NeverTrump Strategist Laying Ground Work For New Conservative Party

http://dailycaller.com/2016/10/17/nevertrump-strategist-laying-ground-work-for-new-conservative-party/

The Republican Party, in his view, has “lost the ability to communicate with” certain demographic groups that are crucial “if you’re going to think about running a national party,” like “Hispanics, African Americans, women, college educated voters, mammals.”

“I mean, they’ve really done a number on the Republican coalition,” he went on. “You’re left now with high school educated white dudes who tend to be, you know, I’d say the median age right now is probably about 60. So you’ve basically got a narrow little coalition left.”

While he thinks the “Republican Party in the states, in the House” might be able to “putter on” for a little bit longer, he believes the GOP’s days are ultimately numbered.

“There will be a point where the inability to communicate and to articulate a message to these other groups that Trump has burned so badly for us, no amount of autopsy reports are going to suffice to fix it,” he said.

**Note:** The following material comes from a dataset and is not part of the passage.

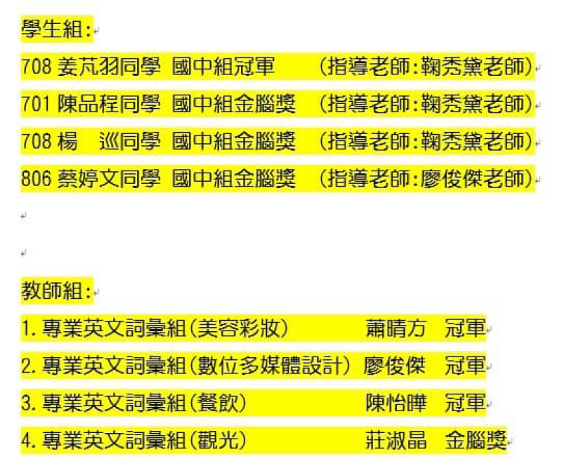 蕭晴方老師榮獲專業英文詞彙組(美容彩粧)冠軍廖俊傑老師榮獲專業英文詞彙組(數位多媒體設計)冠軍陳怡曄老師榮獲專業英文詞彙組(餐飲)冠軍莊淑晶老師榮獲專業英文詞彙組(觀光)金腦獎

Asked whether there is a framework in place to start a new conservative party, Wilson answered, “yes,” though he didn’t elaborate on what other figures and fundraisers are involved in the project.

“We think there’s a place in this country for a strong, smart, center-right party that is unbound by some of the legacy code built into the GOP right now because you can’t go out and win national elections if you are a party that looks like, you know, Joe Arpaio and Donald Trump and Sean Hannity,” he said. “You’re not going to be a party that goes out and plays ball at the national level and gets more than one percent of the vote from African Americans.”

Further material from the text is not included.